**EXERCISE BRIEF**
Would you repeat word for word the lines of the listing that follows, from the one with "統一学校公開日 その4 公開日" up to and including the one with "This 2018 Mercedes", and leave out the images?

##### DATA

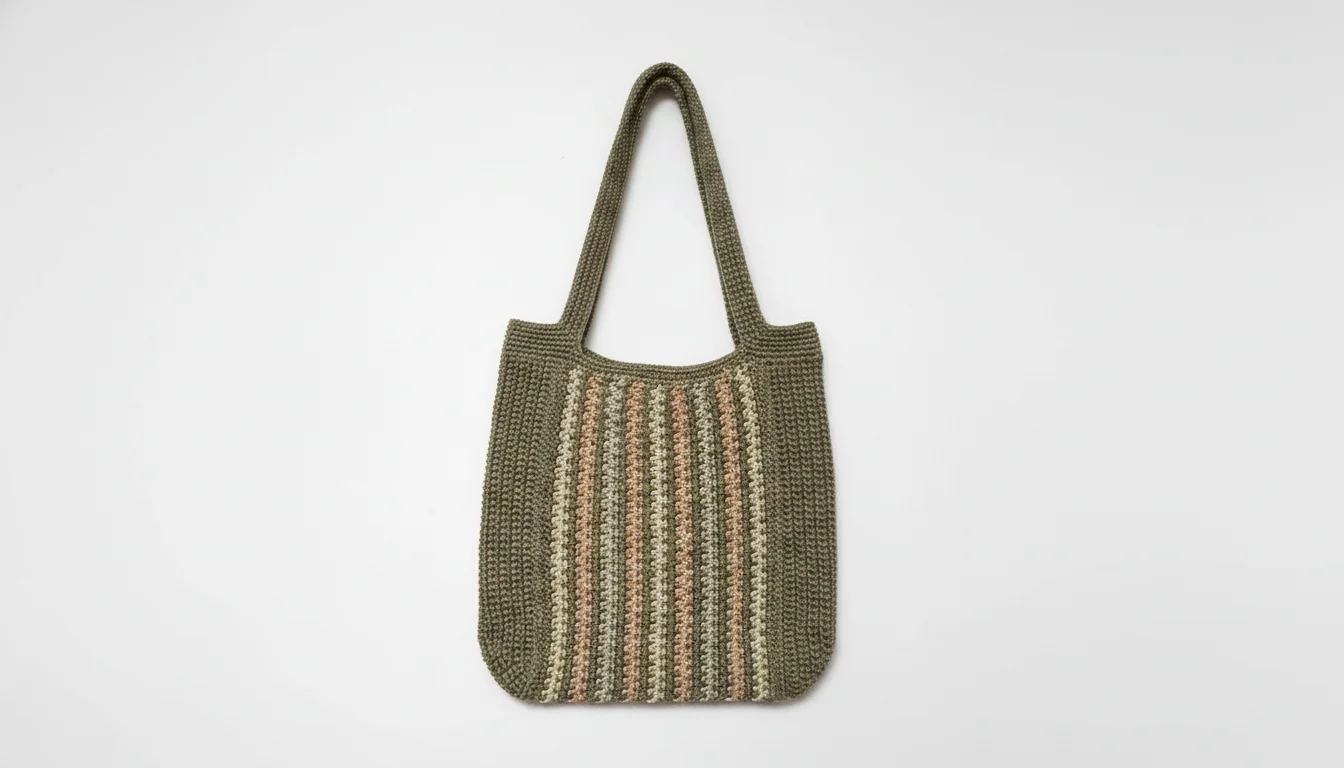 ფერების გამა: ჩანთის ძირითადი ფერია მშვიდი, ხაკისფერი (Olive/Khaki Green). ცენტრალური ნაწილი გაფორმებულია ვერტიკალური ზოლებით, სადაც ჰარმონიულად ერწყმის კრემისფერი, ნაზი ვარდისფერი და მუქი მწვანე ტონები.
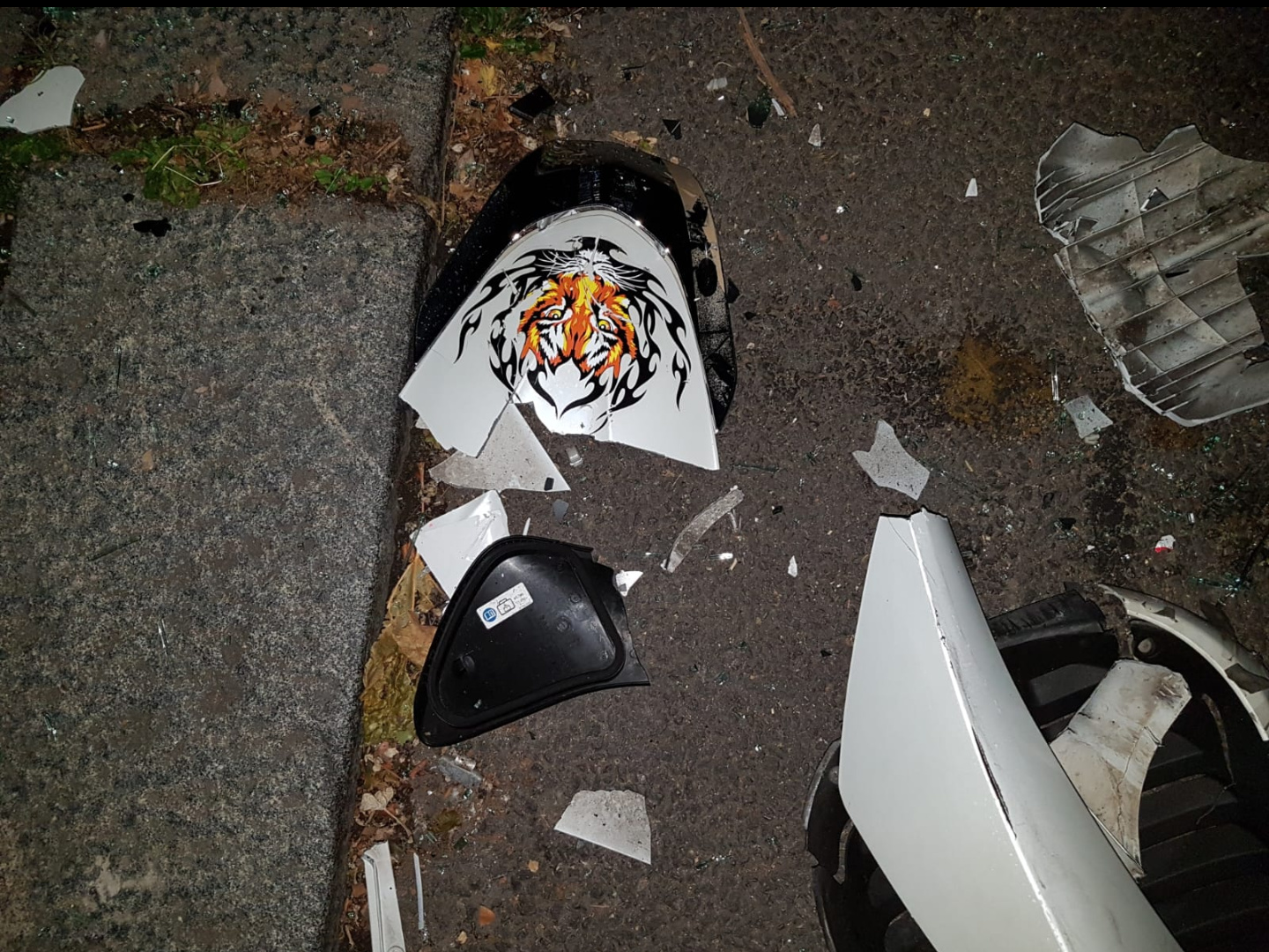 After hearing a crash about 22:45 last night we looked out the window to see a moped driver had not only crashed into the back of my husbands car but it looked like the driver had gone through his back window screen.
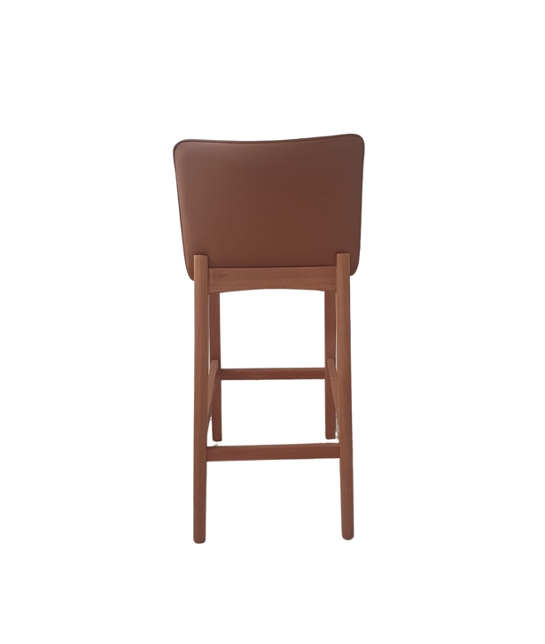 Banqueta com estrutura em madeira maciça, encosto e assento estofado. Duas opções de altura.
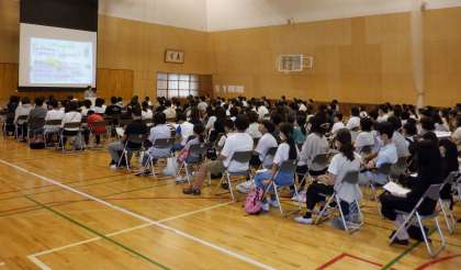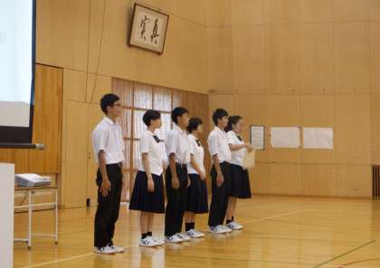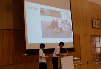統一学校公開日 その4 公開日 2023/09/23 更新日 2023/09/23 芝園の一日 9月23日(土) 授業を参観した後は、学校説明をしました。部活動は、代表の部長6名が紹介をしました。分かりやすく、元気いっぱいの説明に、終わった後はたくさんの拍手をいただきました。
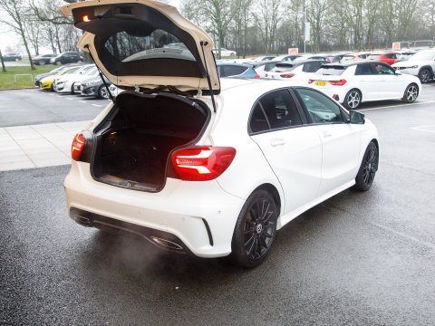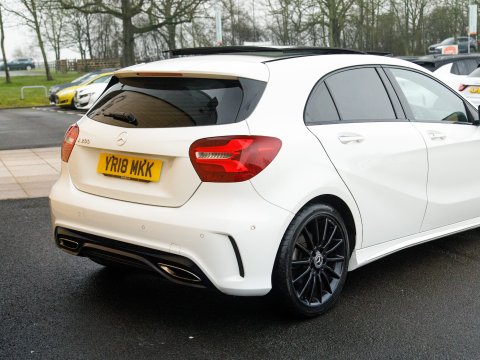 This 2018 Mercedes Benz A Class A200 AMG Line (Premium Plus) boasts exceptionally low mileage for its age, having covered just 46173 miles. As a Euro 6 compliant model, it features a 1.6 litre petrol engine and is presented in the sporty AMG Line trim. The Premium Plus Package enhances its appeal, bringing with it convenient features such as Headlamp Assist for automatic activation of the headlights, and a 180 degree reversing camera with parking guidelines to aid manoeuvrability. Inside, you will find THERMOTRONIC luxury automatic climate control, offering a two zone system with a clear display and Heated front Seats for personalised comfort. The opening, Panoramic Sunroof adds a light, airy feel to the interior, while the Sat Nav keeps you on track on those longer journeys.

##########
##### DATA

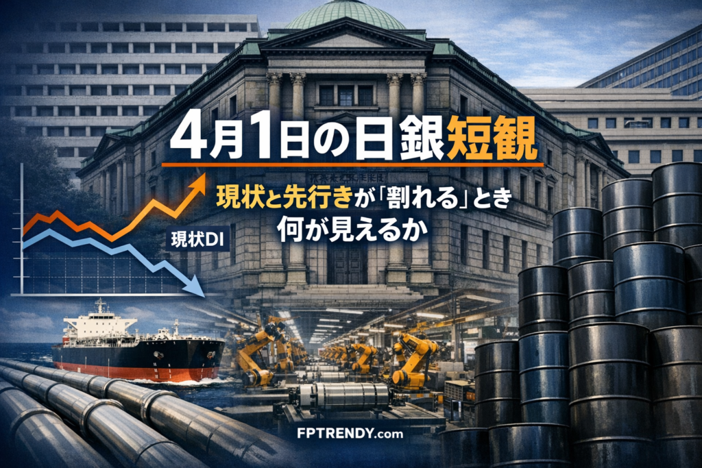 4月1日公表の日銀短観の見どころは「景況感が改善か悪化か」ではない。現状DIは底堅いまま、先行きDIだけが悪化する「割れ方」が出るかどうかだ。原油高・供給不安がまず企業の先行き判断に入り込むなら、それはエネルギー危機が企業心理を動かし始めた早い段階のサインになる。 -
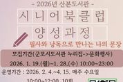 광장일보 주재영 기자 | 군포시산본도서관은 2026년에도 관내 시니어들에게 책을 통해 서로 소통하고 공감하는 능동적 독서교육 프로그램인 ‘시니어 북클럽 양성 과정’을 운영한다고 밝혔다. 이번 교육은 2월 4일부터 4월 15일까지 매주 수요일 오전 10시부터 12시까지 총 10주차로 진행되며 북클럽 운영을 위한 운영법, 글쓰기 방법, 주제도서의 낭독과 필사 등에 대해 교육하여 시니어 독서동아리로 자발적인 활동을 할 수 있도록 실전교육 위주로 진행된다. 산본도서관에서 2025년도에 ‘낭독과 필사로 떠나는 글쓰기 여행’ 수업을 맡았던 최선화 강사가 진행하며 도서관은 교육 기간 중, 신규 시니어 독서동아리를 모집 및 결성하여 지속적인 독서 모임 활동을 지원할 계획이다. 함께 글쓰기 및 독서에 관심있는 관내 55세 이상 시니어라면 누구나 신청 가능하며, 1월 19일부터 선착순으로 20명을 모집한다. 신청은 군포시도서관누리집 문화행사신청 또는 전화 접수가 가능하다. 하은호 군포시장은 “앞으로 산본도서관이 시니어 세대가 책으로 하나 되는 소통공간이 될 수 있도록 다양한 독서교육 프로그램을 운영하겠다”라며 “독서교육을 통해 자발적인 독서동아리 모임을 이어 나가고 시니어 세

##########
##### DATA

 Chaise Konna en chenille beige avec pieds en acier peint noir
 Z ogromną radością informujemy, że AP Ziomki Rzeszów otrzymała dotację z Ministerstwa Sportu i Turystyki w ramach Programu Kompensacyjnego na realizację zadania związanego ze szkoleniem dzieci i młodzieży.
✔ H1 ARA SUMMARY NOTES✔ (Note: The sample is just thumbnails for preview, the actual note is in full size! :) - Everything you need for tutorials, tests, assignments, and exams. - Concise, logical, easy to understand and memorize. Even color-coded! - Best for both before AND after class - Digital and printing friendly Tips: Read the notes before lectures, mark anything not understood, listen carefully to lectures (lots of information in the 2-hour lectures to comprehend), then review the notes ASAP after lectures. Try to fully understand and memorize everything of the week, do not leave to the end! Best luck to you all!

##########

**ANSWER TO THE PROBLEM**
統一学校公開日 その4 公開日 2023/09/23 更新日 2023/09/23 芝園の一日 9月23日(土) 授業を参観した後は、学校説明をしました。部活動は、代表の部長6名が紹介をしました。分かりやすく、元気いっぱいの説明に、終わった後はたくさんの拍手をいただきました。
 This 2018 Mercedes Benz A Class A200 AMG Line (Premium Plus) boasts exceptionally low mileage for its age, having covered just 46173 miles. As a Euro 6 compliant model, it features a 1.6 litre petrol engine and is presented in the sporty AMG Line trim. The Premium Plus Package enhances its appeal, bringing with it convenient features such as Headlamp Assist for automatic activation of the headlights, and a 180 degree reversing camera with parking guidelines to aid manoeuvrability. Inside, you will find THERMOTRONIC luxury automatic climate control, offering a two zone system with a clear display and Heated front Seats for personalised comfort. The opening, Panoramic Sunroof adds a light, airy feel to the interior, while the Sat Nav keeps you on track on those longer journeys.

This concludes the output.